We collaborate with AI-first organizations to establish long-term responsible AI practices, enhancing trust with their user base. Data Science, MLOps, and business teams leverage Fiddler AI to monitor, explain, analyze, and refine their AI systems, targeting performance gaps, mitigating bias, and driving superior outcomes. Our platform empowers both engineering teams and business stakeholders to comprehend the intricacies behind model outputs.

Our Founders

Fiddler AI was co-founded by Krishna Gade, with engineering leadership experience at Facebook, Pinterest, Twitter, and Microsoft, and Amit Paka, a serial entrepreneur with startups acquired by Samsung and PayPal and product roles at Expedia and Microsoft. We are supported by Insight Partners, Lightspeed Venture Partners, and Lux Capital.

Why Join Us

Our dedicated team aims to demystify AI and facilitate ethical AI utilization. By joining Fiddler AI, you will significantly impact reducing algorithmic bias and ensuring transparency and ethics in AI models used across various industries.

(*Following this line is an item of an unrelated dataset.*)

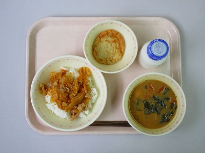キムタク丼、牛乳、はんぺんの和風ソースかけ、豆乳味噌汁

As an early-stage startup, we boast a rapidly expanding team of innovative and compassionate thinkers, builders, and creators. Within Fiddler, there are ample opportunities for growth. The AI and ML industry is fast-paced and teeming with learning possibilities. This is your chance to be a trailblazer.

Fiddler AI is celebrated as a pioneer in Model Performance Management (MPM) and has earned numerous accolades, including:

  • 2022 a16z Data50 list
  • 2021 CB Insights AI 100 most promising startups
  • 2020 WEF Technology Pioneer
  • 2020 Forbes AI 50 most promising startups
  • 2019 Gartner Cool Vendor in Enterprise AI Governance and Ethical Response

What You'll Do

As a Staff AI Scientist at Fiddler AI, your responsibilities will include:

  • Developing and fine-tuning novel ML models, metrics, and techniques to classify and explain ML models and LLM prompts/responses.
  • Establishing processes around model building, deployment, and MLOps to ensure the health and performance of production artifacts.
  • Driving thought-leadership by staying current on responsible AI and Gen AI research, experimenting with and benchmarking novel techniques related to model monitoring, explainability, fairness, and more.
  • Identifying potential product offerings from research and guiding related efforts.
  • Developing a thorough product understanding to recognize common customer challenges and devising powerful generalizable solutions.
  • Supporting Sales and Customer Success teams in addressing advanced customer queries requiring deep ML expertise.
  • Providing expert guidance to customers with challenging explainability use cases.
  • Authoring white papers, blog posts, and developing technical content around ML and the Fiddler platform.

What We're Looking For

The ideal candidate will have:

  • An MS/PhD in Computer Science, Data Science, or a related field.
  • 7-8 years of industry experience.
  • Proficiency in Python and experience writing production-grade code to support ML model deployments handling live workloads.
  • Experience fine-tuning ML models in production, focusing on performance, latency, and model size/quantization.
  • Familiarity with common LLM frameworks (e.g., Langchain, Llamaindex, RAG, HuggingFace) and evaluation frameworks (e.g., Ragas, Presidio).
  • Ability to conduct deep analysis and benchmarking of models and methods.
  • Experience debugging and troubleshooting production systems.
  • Bonus points for experience speaking at industry events, working with computer vision models, data visualization, dimensionality reduction techniques, and infrastructure management (AWS/Google Cloud, Kubernetes, or equivalent on-premises technologies).